Salgın sürecinde evde kalma lüksüne sahip hemen herkesin yaşadığı işitsel bir deneyim bu.
İnsanlar evlerine çekildikçe, apartman dairelerinden gelen sesler artıyor; “özel” sesler, dışarıdan içeri sızan “kamusal” seslere karışıyor.
Begüm Özden Fırat ‘Boşluk’ta, tüm bu seslerin biriktiği apartman aydınlığına kamerasını çevirerek bu işitsel deneyime görsel bir karşılık buluyor.
Perdeleri, pencereleri ve borularıyla ‘Boşluk’un aydınlığı, apartmanda yaşayanlardan habersiz salgın zamanının seslerini yutan betonarme bir boğaz gibi.
‘Boşluk’ aynı zamanda, özellikle de son sahnesiyle, kamusal ile özel arasındaki sınır üzerine düşünen bir video işi olarak anlam buluyor.
Seslerin Kurtuluş/Tatavla semtinin gündelik hayatındaki yerine odaklanan bir araştırma projesinin parçası olan Begüm Özden Fırat’ın, kendi araştırma pratiğiyle kurduğu ilişkinin salgın sürecinde nasıl değiştiğini de videodan takip edebiliyoruz.
‘Boşluk’ giderek çoğalan ekranları ve apartman içi karşılaşmalarıyla, kamusal ile özel arasındaki sınırlar kadar, ‘apartman sakini’, ‘kulak misafiri’ ve ‘araştırmacı’ pozisyonları arasındaki sınırları da sorguluyor.
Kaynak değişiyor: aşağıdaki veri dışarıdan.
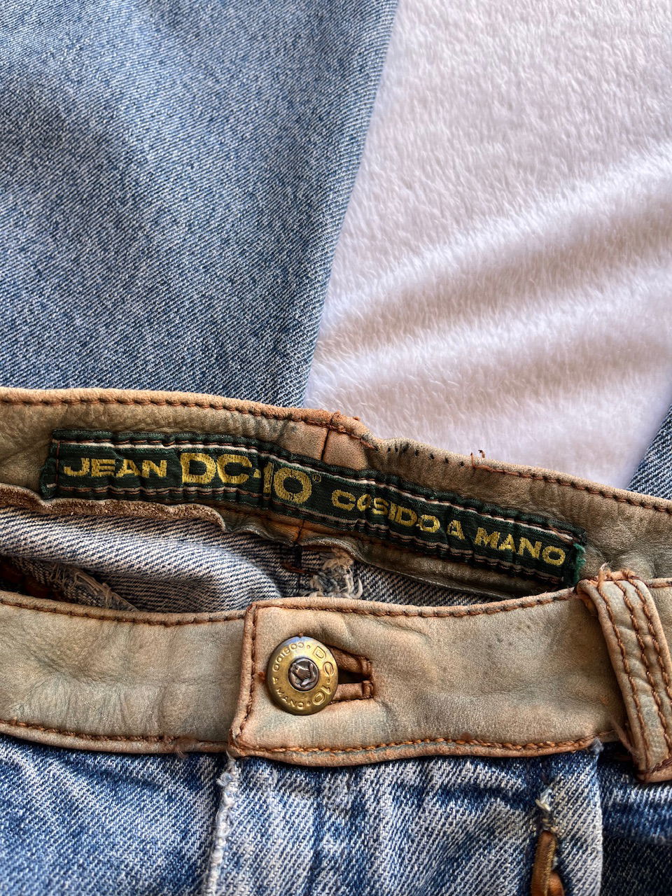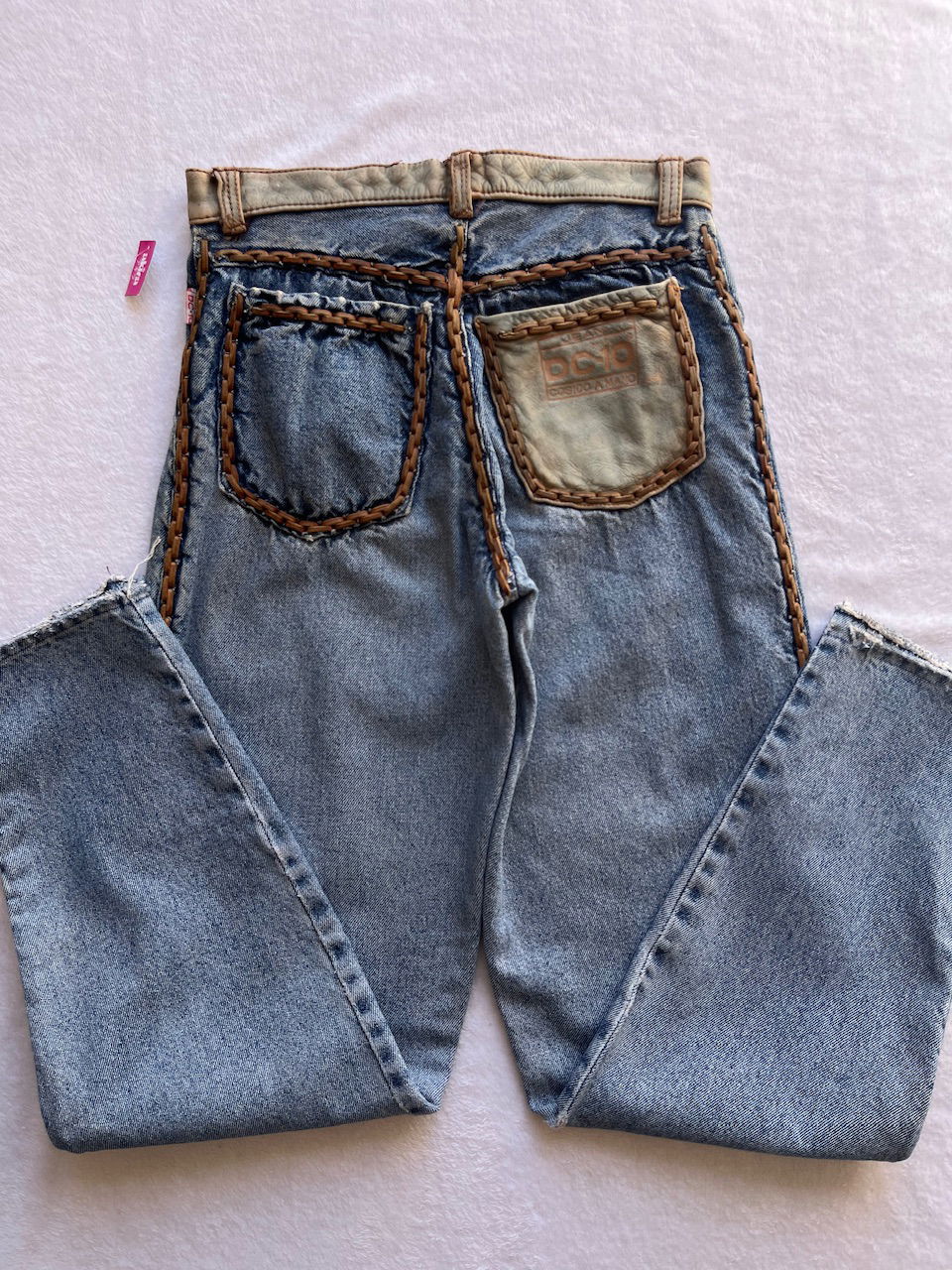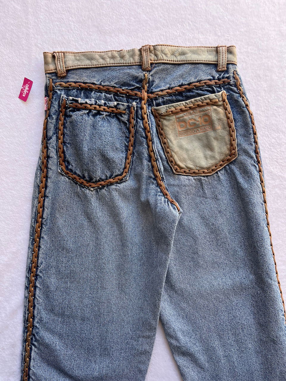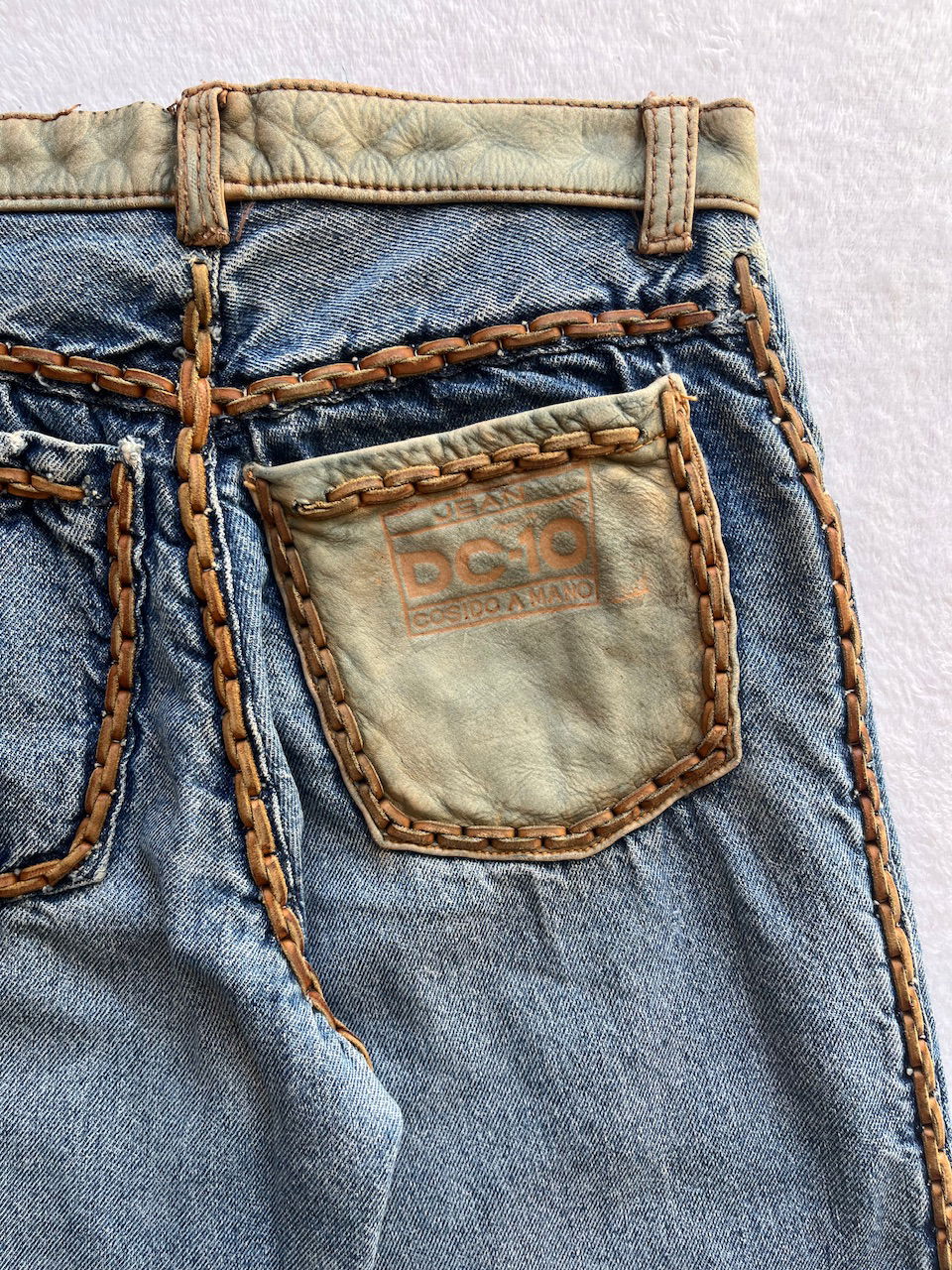 jean con detalles en cuero cosido a mano talle 36 aprox
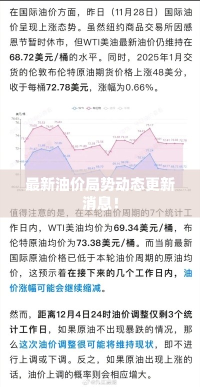 随着全球经济形势的不断变化,油价问题一直是人们关注的焦点之一,油价的高低直接关系到人们的日常生活成本以及各个行业的运营成本,每日的油价局势消息备受关注,本文将为您带来今日油价局势的最新消息。
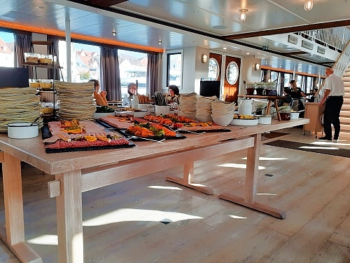 Das Ambiente des Schiffes – eher maritim, nordisch – mit viel Holz, Leinen und Korblampen empfanden wir als ansprechend, ebenso daß eine Rollstuhltoilette und ein Rollstuhllift zum Sonnendeck vorhanden ist.
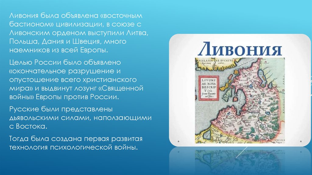 Ливония была объявлена «восточнымбастионом» цивилизации, в союзе с
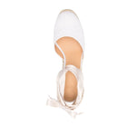 95mm tie-detail platform espadrilles from Castañer featuring off-white, almond toe, rear tie fastening and braided raffia platform. Carina wedge heel espadrilles Size and Fit - Heel 3,5 in / 9 cm; Platform 0,8 in / 2 cm
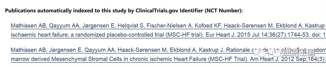 虽然检索到167篇临床研究文章,但不代表167个临床研究的项目,因为1个临床研究项目能发表多篇文章,比如在第一篇的基础上,改变纳入的病人数,或者延长观察时间,或者评价其他方面等等,均可以产生第二篇文章。例子见下图的情况。另外,依然可能存在遗漏一些MSC临床研究的文章,所以,不用太纠结于具体的数字。

Yönetmen Biyografisi – Begüm Özden Fırat
Begüm Özden Fırat, Mimar Sinan Güzel Sanatlar Üniversitesi Sosyoloji Bölümü öğretim üyesidir.
Kent ve kültür sosyolojisi, görsel kültür çalışmaları ve toplumsal hareketler alanlarında çalışmaktadır.
Commitment and Complicity in Cultural Theory and Practice (Palgrave/Macmillan, 2009), Cultural Activism: Practices, Dilemmas, Possibilities (Rodopi, 2011) ve Küresel Ayaklanmalar Çağında Direniş ve Estetik (İletişim, 2015) kitaplarının editörlerindendir.
Encounters with the Ottoman Miniature Contemporary Readings of an Imperial Art adlı kitabı 2015’te I.B. Tauris tarafından yayınlanmıştır.
“Hoşgeldin Lenin” (2016) adlı belgeselin yönetmenlerindendir.